Having healthy families with healthy children in healthy communities is an optimal goal for every country in the world, and by practising family medicine Dr. Catherine Cook felt she could truly work toward achieving it, especially within Indigenous communities in Manitoba.
Dr. Cook obtained her medical degree and master of science from the University of Manitoba. As a Metis woman, she is proud to have had opportunities to support Indigenous communities as a family physician at nursing stations and small northern hospitals in Churchill and Norway House and at Percy E. Moore Hospital on the Peguis First Nation.
Several years of clinical practice in remote Indigenous communities awakened Dr. Cook to the realization that, in addition to the work of family physicians there, a review of policies specific to Indigenous health was needed. She saw that the jurisdictional ambiguity that surrounded Indigenous health services resulted in chronic underfunding, inequitable access to appropriate health services, disparities in access to specialist services, and chronic exposure to systemic racism. In addition to having practised as a clinician since 1989, Dr. Cook has spent the past two decades in academia and public health. She began public health practice as a means of raising awareness of the social determinants of health and of how disparate policies and marginalizing legislation have affected them, resulting in the health inequities that Indigenous people face.

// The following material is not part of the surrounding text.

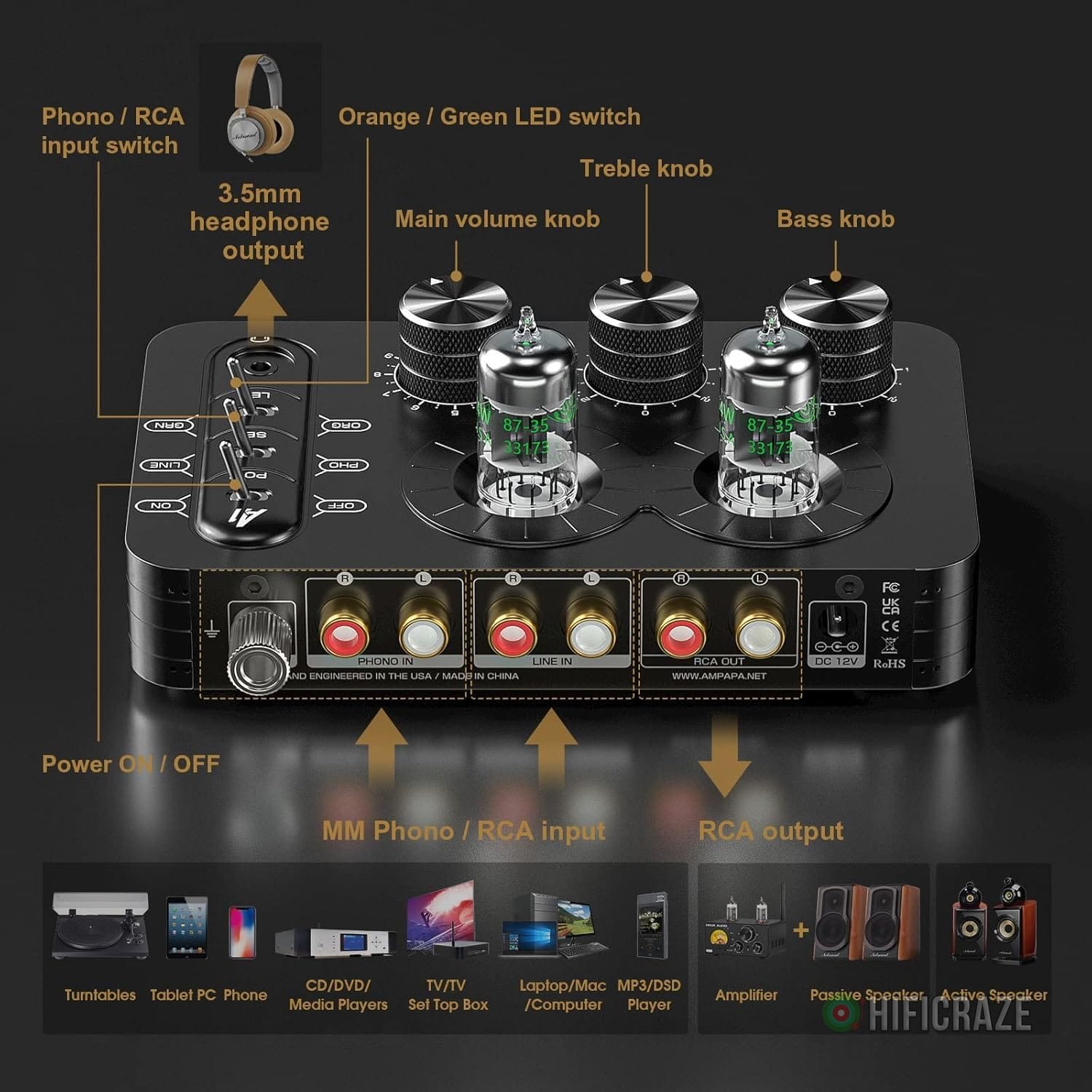 Specification: A1 Vacuum Tube Phono Preamp, Headphone Amp, Hi-Fi Audiophile Preamplifier for MM Turntable Record Player with Tone Control for Home Stereo Audio System

As the inaugural Vice-President (Indigenous) at the University of Manitoba, Dr. Cook is able to influence the understanding of Indigenous history and contemporary issues in Canada. For her, how and what young people are taught about Indigenous people in Canada are critical to shaping the impact these future professionals will have on our country. She is passionate about the development of an anti-racism strategy with a focus on addressing anti- Indigenous, anti-Black, and anti-Asian racism to support the health and wellbeing of everyone in Canada.
Dr. Cook’s leadership has been recognized with a Women’s Executive Network’s Canada’s Most Powerful Women Top 100 award. She also received the May Cohen Equity, Diversity, and Gender Award from the Association of Faculties of Medicine of Canada as well as the Manitoba Service Excellence Award from the provincial government.
Calvin L. Gutkin Family Medicine Ambassador Award
The award recognizes a dynamic leader in Canadian family medicine distinguished for their vision, innovation, strong communication skills, and effective relationship building with national and international organizations and working groups that support and positively influence the everchanging role of the family physician and family medicine in Canada.